MANGO PICKLE WITH PALM SUGAR
makes roughly 1kg
- 3 large unripe mangoes, pitted and cut into cubes
- 1Tbsp ground turmeric
- 50g chilli powder
- 125g crushed mustard seeds
- 1Tbsp crushed fenugreek seeds
- 600g grated palm sugar
Season the mango cubes with salt and add the turmeric in a mixing bowl, making sure the it is well coated. Spread the mango on a tray and allow to dry over night. The next day add the chilli powder, mustard seeds, fenugreek seeds and palm sugar to the mango pieces and mix gently. Transfer the mixture to a clean glass jar and cover with a clean dish towel then leave in a cool place or cupboard, stirring gently once every two days. The pickle is ready to eat when the mango pieces have softened slightly. Decant a little at a time for every day use.

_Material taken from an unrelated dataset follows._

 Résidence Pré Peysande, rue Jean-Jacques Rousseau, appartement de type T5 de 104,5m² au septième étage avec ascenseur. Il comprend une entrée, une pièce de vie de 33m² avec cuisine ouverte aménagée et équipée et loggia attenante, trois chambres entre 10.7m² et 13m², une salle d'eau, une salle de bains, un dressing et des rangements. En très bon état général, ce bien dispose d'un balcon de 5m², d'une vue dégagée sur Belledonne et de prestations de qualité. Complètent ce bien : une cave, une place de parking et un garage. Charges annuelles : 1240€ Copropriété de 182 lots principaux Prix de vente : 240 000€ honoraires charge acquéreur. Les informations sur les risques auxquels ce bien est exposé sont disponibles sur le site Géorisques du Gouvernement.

Makes 12 naan / serves 6 people
- 500g plain cake flour
- 4Tbsp plain Greek yoghurt
- 1 packet dried yeast
- 2tsp sugar
- 2tsp salt
- 1tsp baking powder
- 275ml warm full cream milk
Put the flour into a large mixing bowl. Make a well and add 2Tbsp oil, yoghurt, yeast, sugar, salt and baking powder. Mix and rub with your fingers until the mixture resembles course bread crumbs. Add the warm milk a little at a time and mix until it comes together into a dough. Turn out the dough onto a well floured surface and knead for around five minutes until a smooth dough has formed. Place the dough into a clean bowl (big enough for it to double in size), rub the surface with a little bit of oil and cover with cling wrap. Leave in a warm place and allow the dough to double in size, this should take about an hour.

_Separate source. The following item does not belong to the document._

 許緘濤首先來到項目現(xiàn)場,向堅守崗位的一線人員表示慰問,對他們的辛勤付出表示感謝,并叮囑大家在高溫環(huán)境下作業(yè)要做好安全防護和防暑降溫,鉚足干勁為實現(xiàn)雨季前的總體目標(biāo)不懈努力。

When the dough has doubles in size, knock it down and divide the dough in 12 even sized pieces. Take one piece at a time, using a rolling pin and roll out into 12cm x 20cm rounds. Heat a frying pan over a med-high heat and dry fry the naan bread until it begins to bubble (20-30sec) then turn to cook the other side and keep turning to ensure it is properly cooked through. Serve plain or brushed with garlic butter.